FIG. 2 indicates that recrystallization can be avoided by controlling the
temperature and deformation and using progressively lower temperatures
during a series of warm working operations, thus remaining within the safe
region. This applies as long as the warm working temperatures are low
enough that time is not an important factor, as discussed above. It is
significant to note that the effects of strain hardening imparted due to
repeated deformation operations are additive, whether at the same
temperature or at different temperatures, as long as recrystallization
does not occur.
One of the effects of mechanically deforming a metallic object is to
generate heat. If the heat generated is not transferred from the object to
the surroundings, an increase in temperature of the object, referred to as
adiabatic heating, occurs. This effect is illustrated in FIG. 3, which
shows that the adiabatic heating can increase the temperature of the
object until the deformation-temperature curve, represented in this case
by the broken line, crosses the recrystallization curve, allowing
recrystallization to occur. The deformation-temperature curve where there
is no increase in temperature, represented by the solid line, shows that
the same amount of deformation does not result in recrystallization if the
heat generated by deformation is balanced by heat loss to the surroundings
so that the temperature of the object does not increase.
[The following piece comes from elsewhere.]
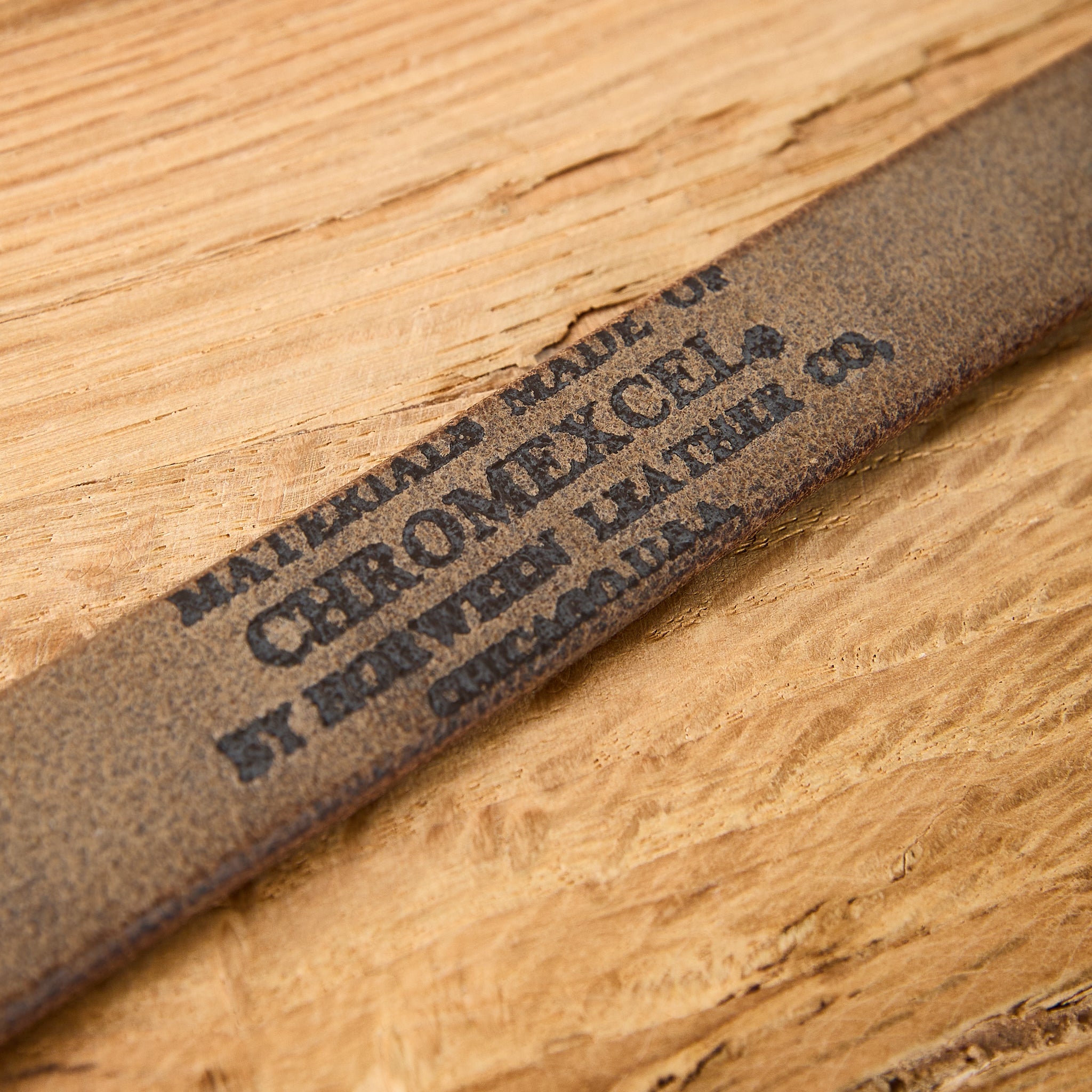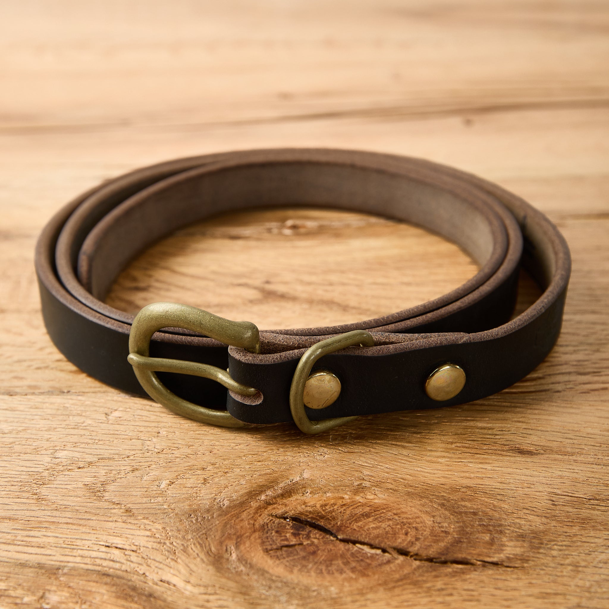 the 16mm narrow leather belt by jelado, in collaboration with button works, is made in japan from black teacore chromexcel leather by horween and will age beautifully and uniquely the longer it is worn.

Adiabatic heating during warm working in a heavy, thick-section forging can
be controlled by limiting the amount of deformation and controlling the
deformation rate such that the balance between the heat generated and the
heat lost to the surroundings limits the increase in temperature of the
material enough to prevent crossing of the recrystallization curve. The
warm working operations can be performed at a single, relatively low
temperature, or as a series of operations at initially higher, but
successively decreasing, temperatures, as indicated in FIG. 2.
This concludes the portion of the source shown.